*WHAT IS EXPECTED*.
Taking the line with "Introduce a timeless" as the first and the line with "- Rhinoplastie : le" as the last, set down exactly every line in that range from the entries below, and no more.

(EXCERPTED RECORDS begins)

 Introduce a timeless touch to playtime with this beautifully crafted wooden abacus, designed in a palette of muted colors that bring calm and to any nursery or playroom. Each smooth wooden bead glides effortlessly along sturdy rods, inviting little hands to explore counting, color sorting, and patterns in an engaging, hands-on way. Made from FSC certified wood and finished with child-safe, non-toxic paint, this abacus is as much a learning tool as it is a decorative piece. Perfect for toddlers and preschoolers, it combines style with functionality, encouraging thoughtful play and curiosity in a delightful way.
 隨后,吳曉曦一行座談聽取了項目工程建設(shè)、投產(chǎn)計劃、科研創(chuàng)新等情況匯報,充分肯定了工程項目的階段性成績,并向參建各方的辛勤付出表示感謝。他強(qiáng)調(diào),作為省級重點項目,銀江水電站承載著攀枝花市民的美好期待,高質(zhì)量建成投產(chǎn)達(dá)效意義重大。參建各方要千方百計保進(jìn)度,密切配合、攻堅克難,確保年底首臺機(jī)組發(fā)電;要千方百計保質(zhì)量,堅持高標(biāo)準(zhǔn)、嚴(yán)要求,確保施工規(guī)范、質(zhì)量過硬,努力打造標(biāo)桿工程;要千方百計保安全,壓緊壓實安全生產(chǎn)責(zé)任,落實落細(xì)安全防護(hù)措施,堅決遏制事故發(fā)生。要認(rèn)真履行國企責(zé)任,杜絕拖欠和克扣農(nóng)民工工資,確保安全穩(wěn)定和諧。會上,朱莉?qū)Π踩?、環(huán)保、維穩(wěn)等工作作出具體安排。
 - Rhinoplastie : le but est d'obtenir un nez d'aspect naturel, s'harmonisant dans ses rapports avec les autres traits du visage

(EXCERPTED RECORDS ends)
(EXCERPTED RECORDS begins)

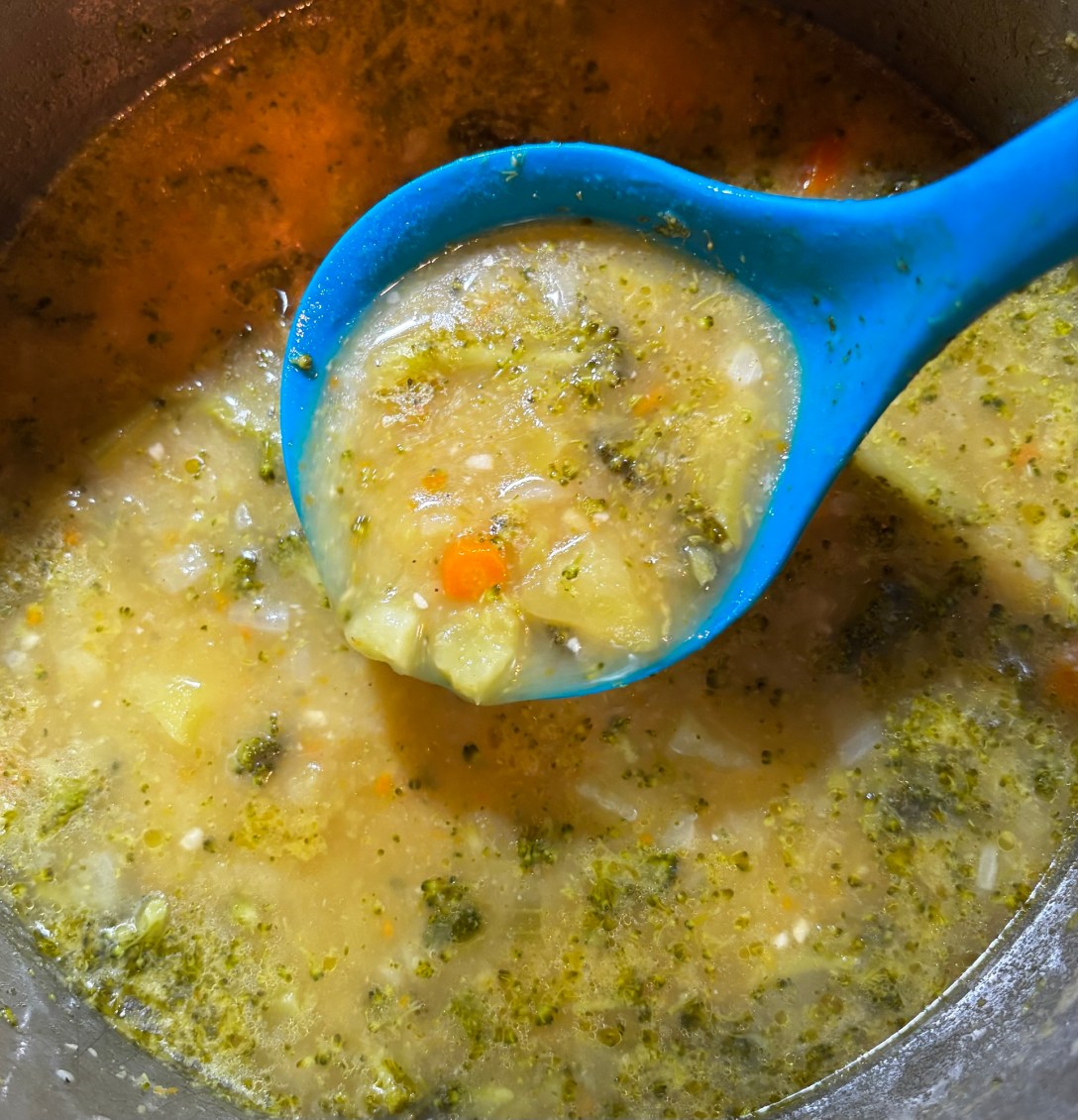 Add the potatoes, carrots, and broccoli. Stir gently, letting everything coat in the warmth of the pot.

(EXCERPTED RECORDS ends)
(EXCERPTED RECORDS begins)

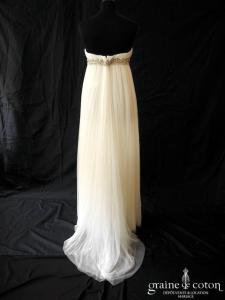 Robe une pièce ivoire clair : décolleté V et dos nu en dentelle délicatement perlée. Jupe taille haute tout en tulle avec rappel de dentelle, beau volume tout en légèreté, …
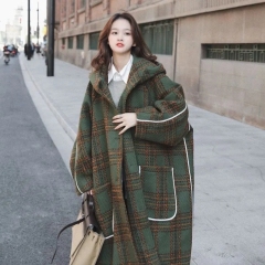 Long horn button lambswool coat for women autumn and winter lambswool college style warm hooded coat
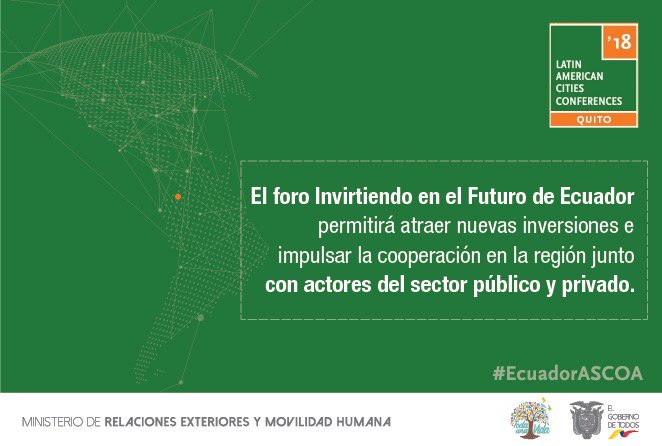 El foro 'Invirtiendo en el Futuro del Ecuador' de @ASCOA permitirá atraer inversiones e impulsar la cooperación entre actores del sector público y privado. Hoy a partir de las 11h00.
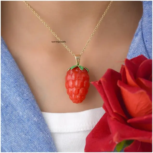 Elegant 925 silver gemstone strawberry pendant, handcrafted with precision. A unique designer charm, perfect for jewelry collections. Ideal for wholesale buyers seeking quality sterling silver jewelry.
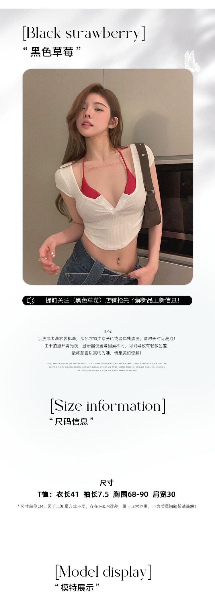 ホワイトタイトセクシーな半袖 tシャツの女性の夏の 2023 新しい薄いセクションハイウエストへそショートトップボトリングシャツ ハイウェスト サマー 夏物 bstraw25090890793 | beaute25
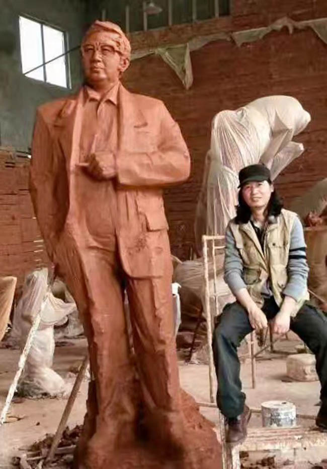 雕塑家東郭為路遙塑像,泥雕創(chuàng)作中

(EXCERPTED RECORDS ends)

*TASK SOLUTION*.
 Introduce a timeless touch to playtime with this beautifully crafted wooden abacus, designed in a palette of muted colors that bring calm and to any nursery or playroom. Each smooth wooden bead glides effortlessly along sturdy rods, inviting little hands to explore counting, color sorting, and patterns in an engaging, hands-on way. Made from FSC certified wood and finished with child-safe, non-toxic paint, this abacus is as much a learning tool as it is a decorative piece. Perfect for toddlers and preschoolers, it combines style with functionality, encouraging thoughtful play and curiosity in a delightful way.
 隨后,吳曉曦一行座談聽取了項目工程建設(shè)、投產(chǎn)計劃、科研創(chuàng)新等情況匯報,充分肯定了工程項目的階段性成績,并向參建各方的辛勤付出表示感謝。他強(qiáng)調(diào),作為省級重點項目,銀江水電站承載著攀枝花市民的美好期待,高質(zhì)量建成投產(chǎn)達(dá)效意義重大。參建各方要千方百計保進(jìn)度,密切配合、攻堅克難,確保年底首臺機(jī)組發(fā)電;要千方百計保質(zhì)量,堅持高標(biāo)準(zhǔn)、嚴(yán)要求,確保施工規(guī)范、質(zhì)量過硬,努力打造標(biāo)桿工程;要千方百計保安全,壓緊壓實安全生產(chǎn)責(zé)任,落實落細(xì)安全防護(hù)措施,堅決遏制事故發(fā)生。要認(rèn)真履行國企責(zé)任,杜絕拖欠和克扣農(nóng)民工工資,確保安全穩(wěn)定和諧。會上,朱莉?qū)Π踩?、環(huán)保、維穩(wěn)等工作作出具體安排。
 - Rhinoplastie : le but est d'obtenir un nez d'aspect naturel, s'harmonisant dans ses rapports avec les autres traits du visage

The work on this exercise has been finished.